◆ Exercise goal
Repeat the span of the entries below that starts at the line with "真絲平面織錦熊貓棲息立軸畫" and ends at the line with "Today, January 19, 2026, at", nothing more. Skip the pictures.

### Data to process

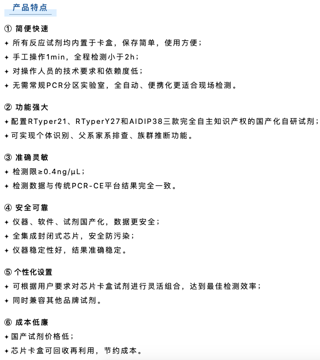博奧晶典Quick TargSeq全集成自動化現場快速DNA檢測系統是由公安部鑒定中心聯合清華大學、博奧生物集團、北京博奧晶典生物技術有限公司共同開發的國內第一款具有完全自主知識產權的全集成自動化現場快速DNA檢測系統。該系統采用模塊化微流控芯片技術,將樣本前處理、多重 PCR 擴增和毛細管電泳全過程集成于一體,實現 2 小時“樣本進-結果出”的法醫 DNA 現場快速檢測,可在野外、車載等非實驗室環境下運行,為我國公安機關現場犯罪偵破、海關出入境檢查、重大公共安全事件的快速處置增添強勁利器。目前,博奧晶典DNA快檢系統已遠銷俄羅斯、岡比亞等國,以先進的技術裝備支持刑事科學技術邁向新臺階。
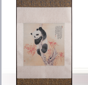 真絲平面織錦熊貓棲息立軸畫
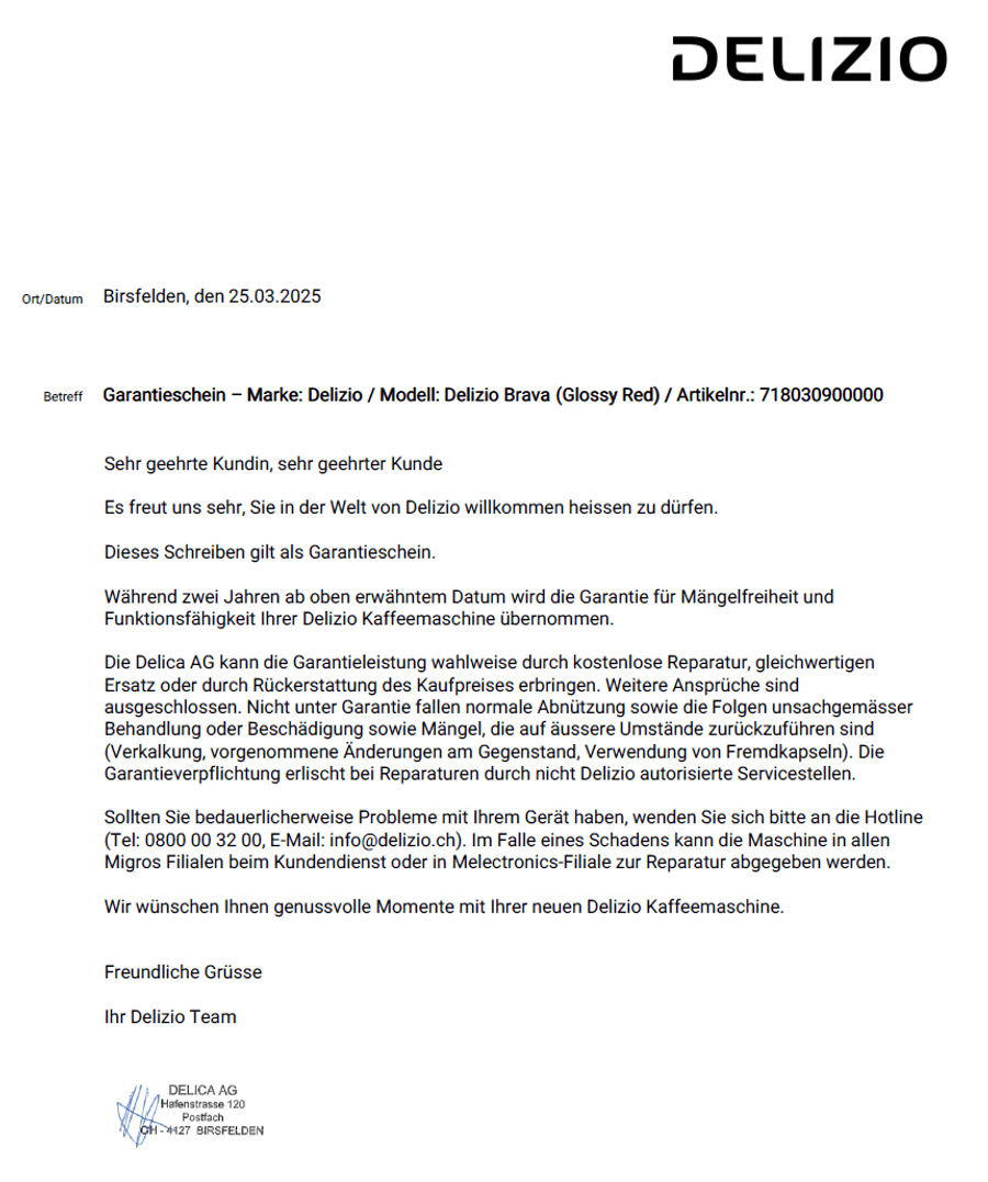 Today, January 19, 2026, at 2:10 p.m., we attempted to return the Delizio coffee machine for repair under warranty at the Migros branch in Lyss, handing it over to Migros employee S. at reception. Although we were able to present a dated Delizio warranty certificate, which explicitly states that the machine can be returned to Migros stores, the return was refused. Our request to speak to the customer service manager was also rejected.
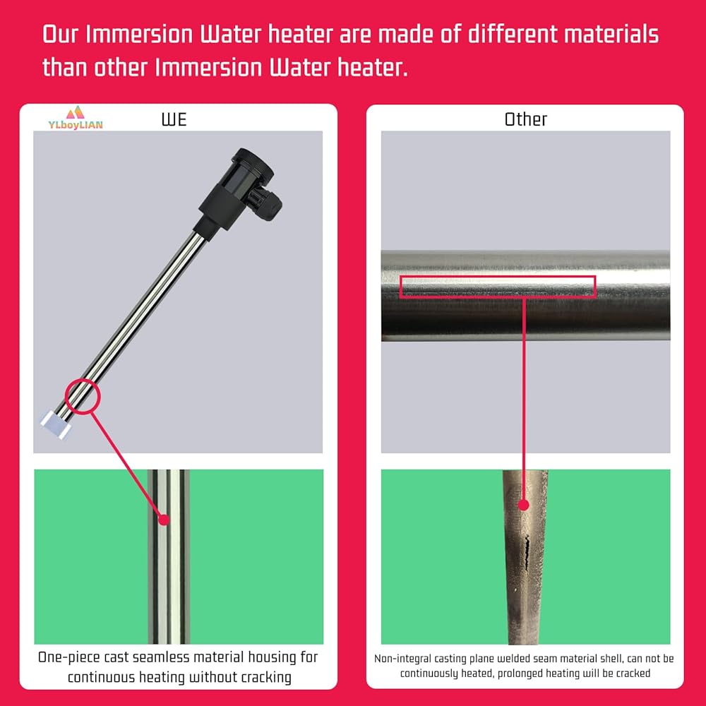 100% Waterproof Design with Double Insulation: The cable uses insulated rubber material that does not conduct electricity even when in direct contact with water. Additionally, an extra silicone protective sleeve is applied to prevent prolonged water immersion damage. Unlike standard immersion heater designs, this upgraded immersible water heater features dual insulation, significantly reducing the risk of electric shock during use.
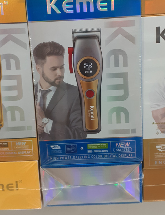 برند : کیمی KEMEIمدل : KM-1785عنوان : حجم زن ، فید زن و سایه زنقابلیت اصلاح بصورت صفر : 0.2قابلیت اصلاح ریش : داردقابلیت اصلاح موی سر : دادمنبع انرژی: باتری 2000mah میلی آمپرمدت زمان شارژ کامل:2.5 ساعت مدن زمان قابل استفاده: 180 دقیقه بیشترین دور موتور توربو نمایشگر : داردنوع طراحی : ارگونومیک
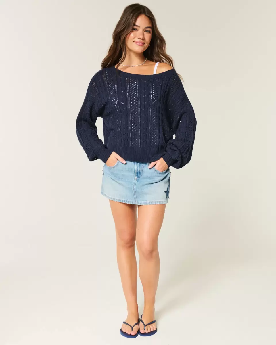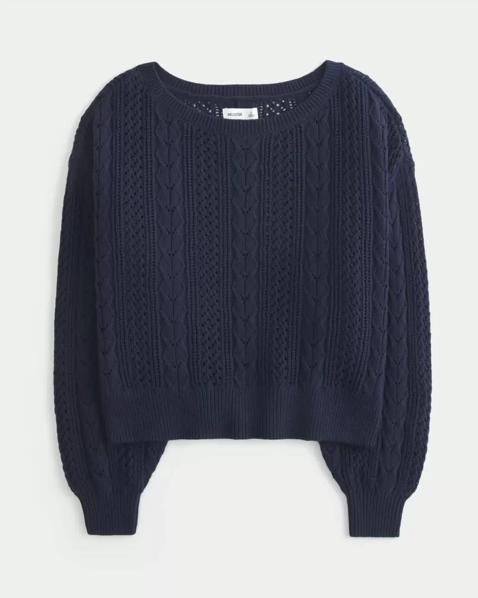 Ce pull ultra doux et confortable présente des motifs torsadés à mailles ouvertes. Bordures côtelées, encolure décontractée et manches longues. Importé.
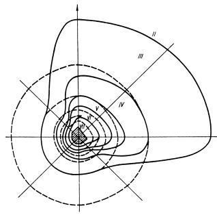 - - - - - границы зон с различной СЗА при круговой розе ветров;

######

◆ Solution to this task
 真絲平面織錦熊貓棲息立軸畫
 Today, January 19, 2026, at 2:10 p.m., we attempted to return the Delizio coffee machine for repair under warranty at the Migros branch in Lyss, handing it over to Migros employee S. at reception. Although we were able to present a dated Delizio warranty certificate, which explicitly states that the machine can be returned to Migros stores, the return was refused. Our request to speak to the customer service manager was also rejected.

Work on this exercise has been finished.